Before publishing, check: does the event appear correctly on the map, are prices calculated correctly, does the test registration flow work? After publishing, the event appears in the Startlek catalogue and becomes searchable.

  • Share the direct registration link on social media and in your mailing list
  • Add the link to your event website or Facebook event page
  • Embed button: embed the Startlek registration form on your own website
  • QR code: print and place on posters and flyers

Managing participants after opening registration

Once registration is open, the organiser dashboard shows: a full participant list with filters, payment statuses, the ability to add or cancel registrations manually, bulk email to participants, and export to Excel for timing company use.

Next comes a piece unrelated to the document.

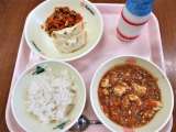 <献立> マーボー豆腐・ぎょうざ・中華炒め・麦ごはん・牛乳

  • Filters: by distance, payment status, registration date, gender
  • Manual add: for participants who registered offline or through partners
  • Bulk email: reminders, schedule changes, important updates
  • Data export: CSV or Excel for the timing company
  • Statistics: registrations by distance, sales dynamics, revenue

Common organiser mistakes

  • Opening registration without testing — find bugs before participants do
  • A form that is too long — every extra field reduces conversion by 5–10%
  • Not setting a participant cap — you could sell more spots than physically exist
  • Forgetting mobile users — always test your form on a smartphone
  • Publishing registration without regulations — the first participant questions will be about the rules

Startlek automates most of the routine: pricing windows switch on their own, payments arrive immediately, and the participant list updates in real time. Your job is to configure everything correctly once.